Copy the material below verbatim from the line with "Из распоряжения пристава" to the line with "Unmatched in scope", both lines included, omitting pictures and every line outside that range.

Task material:
* * * * * * *

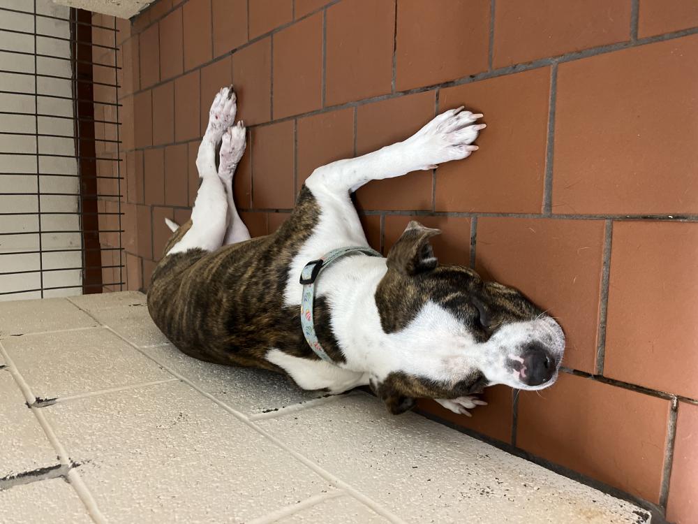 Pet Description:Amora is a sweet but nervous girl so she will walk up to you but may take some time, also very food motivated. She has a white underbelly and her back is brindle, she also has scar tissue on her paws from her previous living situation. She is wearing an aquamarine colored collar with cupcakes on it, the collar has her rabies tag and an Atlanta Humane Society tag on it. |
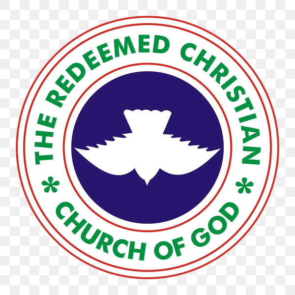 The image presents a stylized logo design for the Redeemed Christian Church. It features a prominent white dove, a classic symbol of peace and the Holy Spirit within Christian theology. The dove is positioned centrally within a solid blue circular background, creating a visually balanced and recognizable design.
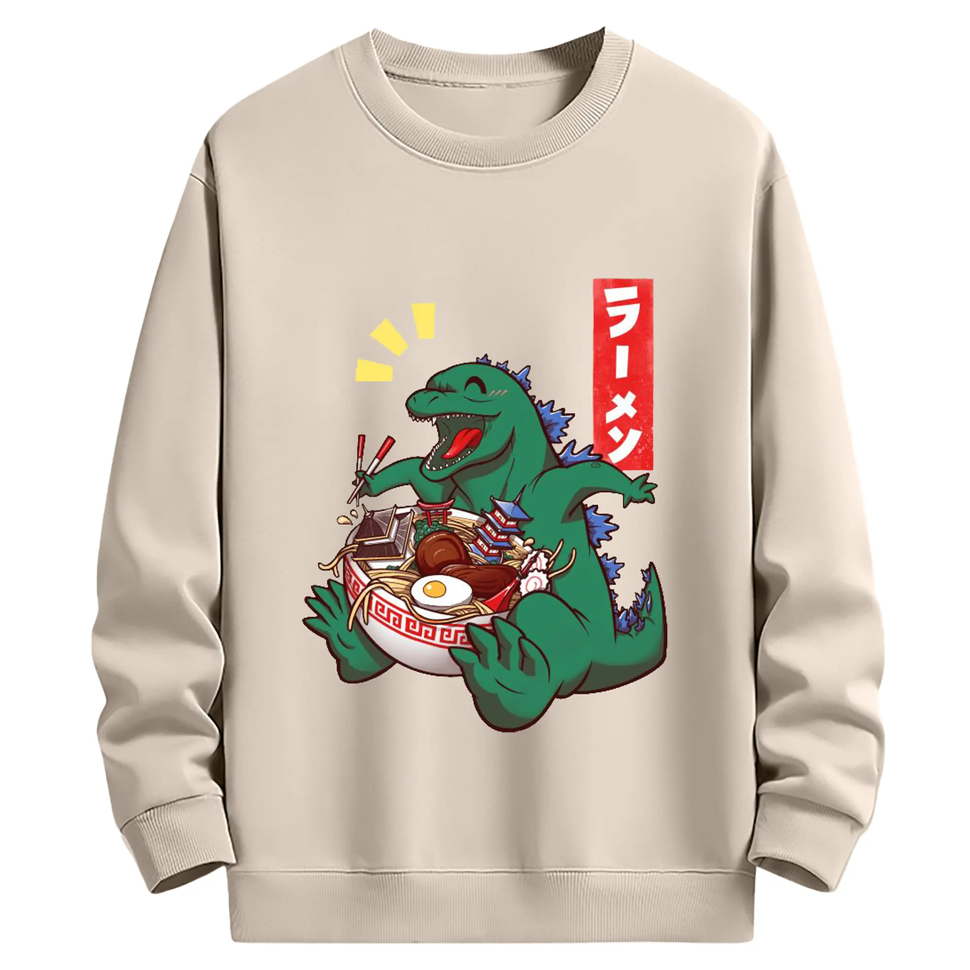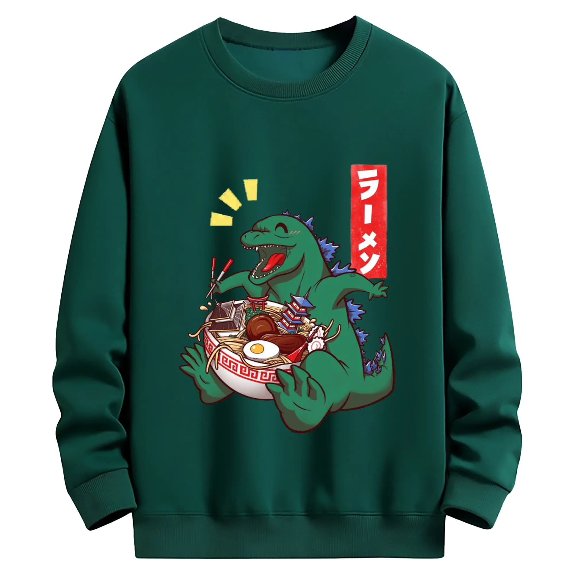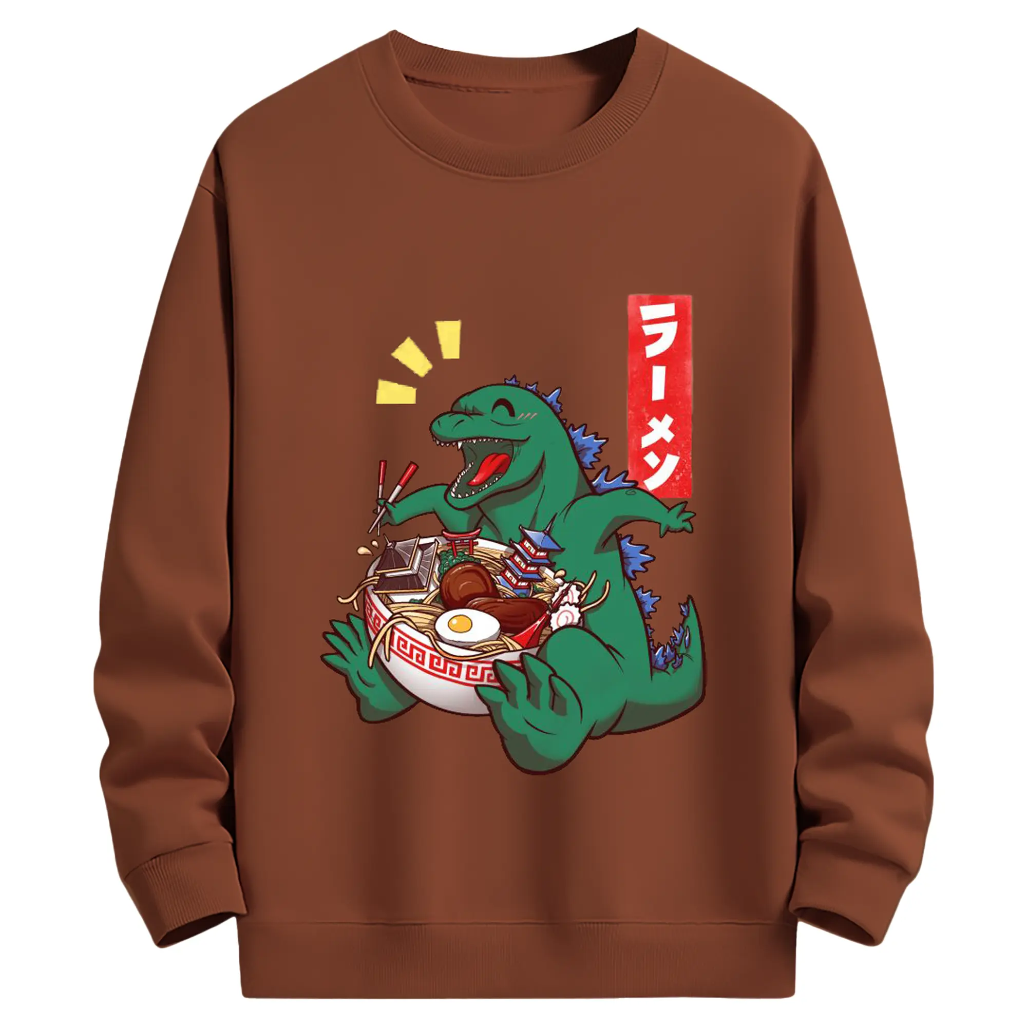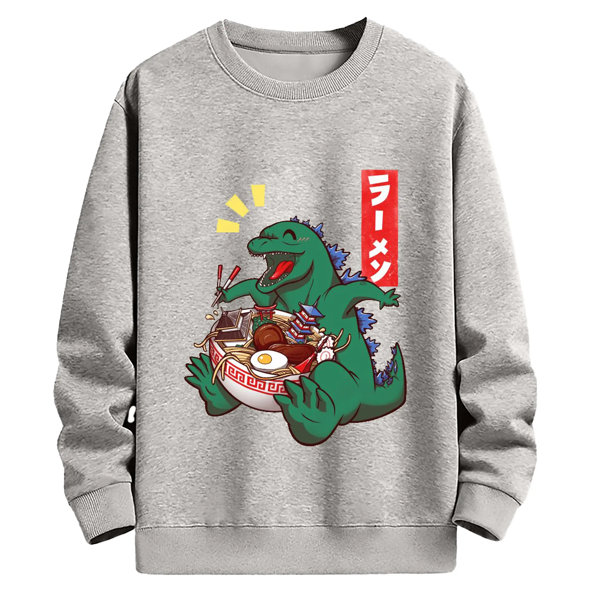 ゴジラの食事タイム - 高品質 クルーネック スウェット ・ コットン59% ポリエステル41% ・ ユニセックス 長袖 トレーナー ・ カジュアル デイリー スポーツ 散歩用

* * * * * * *

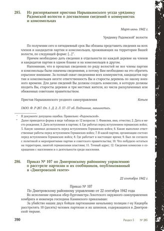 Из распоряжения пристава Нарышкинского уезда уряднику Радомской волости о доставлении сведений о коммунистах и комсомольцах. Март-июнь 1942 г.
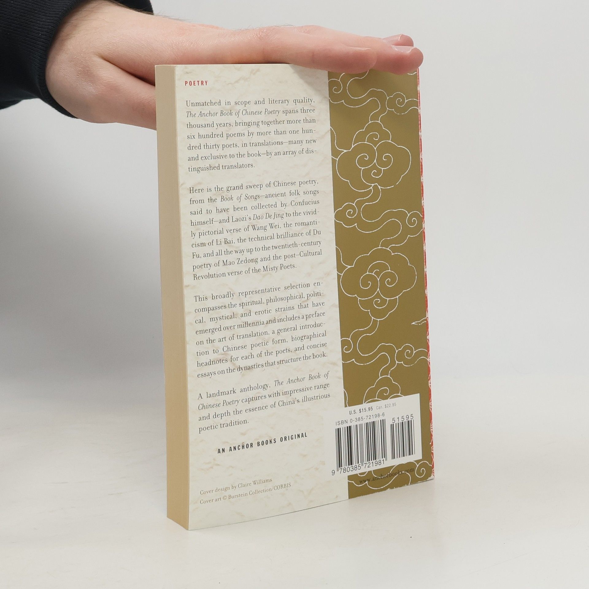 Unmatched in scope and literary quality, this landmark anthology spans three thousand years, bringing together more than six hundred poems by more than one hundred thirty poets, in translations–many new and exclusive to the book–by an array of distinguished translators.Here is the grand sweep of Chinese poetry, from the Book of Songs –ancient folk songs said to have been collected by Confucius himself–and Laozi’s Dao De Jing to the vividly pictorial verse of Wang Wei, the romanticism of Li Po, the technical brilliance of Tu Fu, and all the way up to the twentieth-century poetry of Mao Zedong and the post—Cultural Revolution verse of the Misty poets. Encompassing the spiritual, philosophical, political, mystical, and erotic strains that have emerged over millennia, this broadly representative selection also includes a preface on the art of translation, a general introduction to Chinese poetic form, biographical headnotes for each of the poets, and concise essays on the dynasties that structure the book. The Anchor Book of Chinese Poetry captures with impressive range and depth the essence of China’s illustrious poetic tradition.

* * * * * * *

Written answer:
 Из распоряжения пристава Нарышкинского уезда уряднику Радомской волости о доставлении сведений о коммунистах и комсомольцах. Март-июнь 1942 г.
 Unmatched in scope and literary quality, this landmark anthology spans three thousand years, bringing together more than six hundred poems by more than one hundred thirty poets, in translations–many new and exclusive to the book–by an array of distinguished translators.Here is the grand sweep of Chinese poetry, from the Book of Songs –ancient folk songs said to have been collected by Confucius himself–and Laozi’s Dao De Jing to the vividly pictorial verse of Wang Wei, the romanticism of Li Po, the technical brilliance of Tu Fu, and all the way up to the twentieth-century poetry of Mao Zedong and the post—Cultural Revolution verse of the Misty poets. Encompassing the spiritual, philosophical, political, mystical, and erotic strains that have emerged over millennia, this broadly representative selection also includes a preface on the art of translation, a general introduction to Chinese poetic form, biographical headnotes for each of the poets, and concise essays on the dynasties that structure the book. The Anchor Book of Chinese Poetry captures with impressive range and depth the essence of China’s illustrious poetic tradition.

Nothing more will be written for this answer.